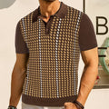 Men's Short-Sleeve Fine Knit Polo Tee - Point Collar Two-Button Placket Houndstooth Jacquard Panel Casual Style
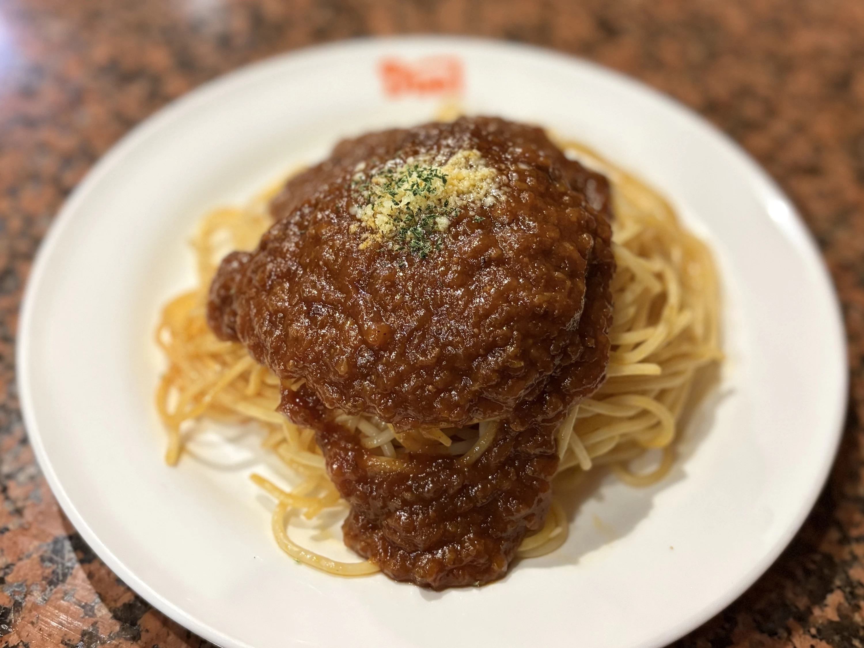 - ★ 茹でたスパゲティをフライパンで炒めてからソースを盛るため、細めの麺に甘いミートソースがよく絡む! デフォルトサイズが麺500g(茹で上がり)と大盛りで、小でも300gありますよ。お腹と相談しながらオーダーしてみて
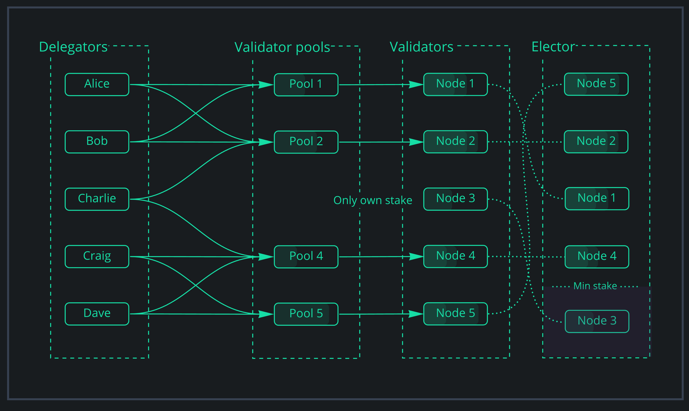 Delegators play an important part in the decentralization of the network. By staking to validators, they enhance network security and offer direction to the Elector's algorithm on which validators should move forward to the next round. This enables low stake validators who are well-regarded by the community to accumulate funds in their pools and become validators.
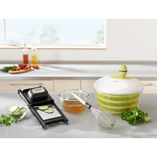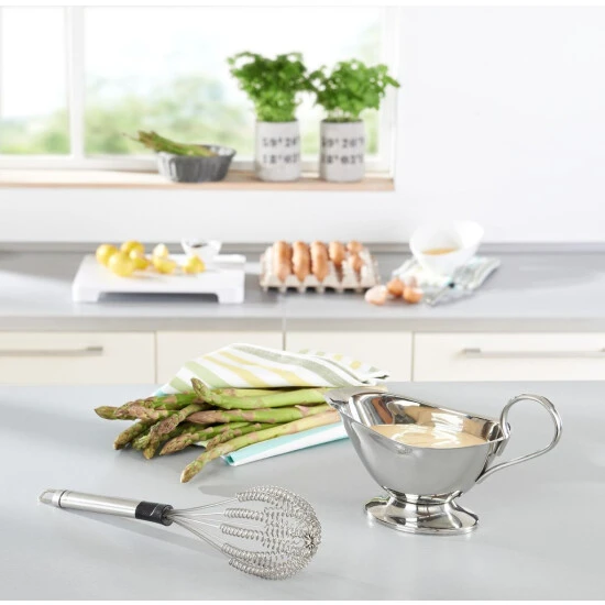 Doppelt so schnell Soßen aufschlagen, Cremes schaumig rühren oder Milch aufschäumen. Der neue Leifheit Speed Quirl ist der erste Schneebesen, der richtig Tempo macht. Jeder der acht Drähte des neuartigen Schneebesens ist aufwändig gezwirbelt. Das erhöht die Länge der Drähte um ein Vielfaches und damit auch den Rührwiderstand. Das Ergebnis: 50 Prozent Zeitersparnis und deutlich weniger Kraftaufwand. Da können Küchenmaschine und Rührgerät getrost im Schrank bleiben. Der Speed Quirl ist schnell im Einsatz und ebenso schnell wieder sauber. Einfach in die Spülmaschine legen, fertig. Mit hochwertigem Edelstahlgriff für eine angenehme Handhabung und Aufhängöse. Der Speed Quirl wurde entwickelt in Zusammenarbeit mit Starkoch Christian Henze.
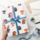 Forest Animals Woodland Creatures Gift Wrap orange fox raccoon squirrel and hedgehog.

WORK TO BE COMPLETED: Take the lines from the one containing "Doppelt so schnell" through the last line of the listing and repeat them exactly. Omit the pictures.

SOLUTION TO THE PROBLEM:
 Doppelt so schnell Soßen aufschlagen, Cremes schaumig rühren oder Milch aufschäumen. Der neue Leifheit Speed Quirl ist der erste Schneebesen, der richtig Tempo macht. Jeder der acht Drähte des neuartigen Schneebesens ist aufwändig gezwirbelt. Das erhöht die Länge der Drähte um ein Vielfaches und damit auch den Rührwiderstand. Das Ergebnis: 50 Prozent Zeitersparnis und deutlich weniger Kraftaufwand. Da können Küchenmaschine und Rührgerät getrost im Schrank bleiben. Der Speed Quirl ist schnell im Einsatz und ebenso schnell wieder sauber. Einfach in die Spülmaschine legen, fertig. Mit hochwertigem Edelstahlgriff für eine angenehme Handhabung und Aufhängöse. Der Speed Quirl wurde entwickelt in Zusammenarbeit mit Starkoch Christian Henze.
 Forest Animals Woodland Creatures Gift Wrap orange fox raccoon squirrel and hedgehog.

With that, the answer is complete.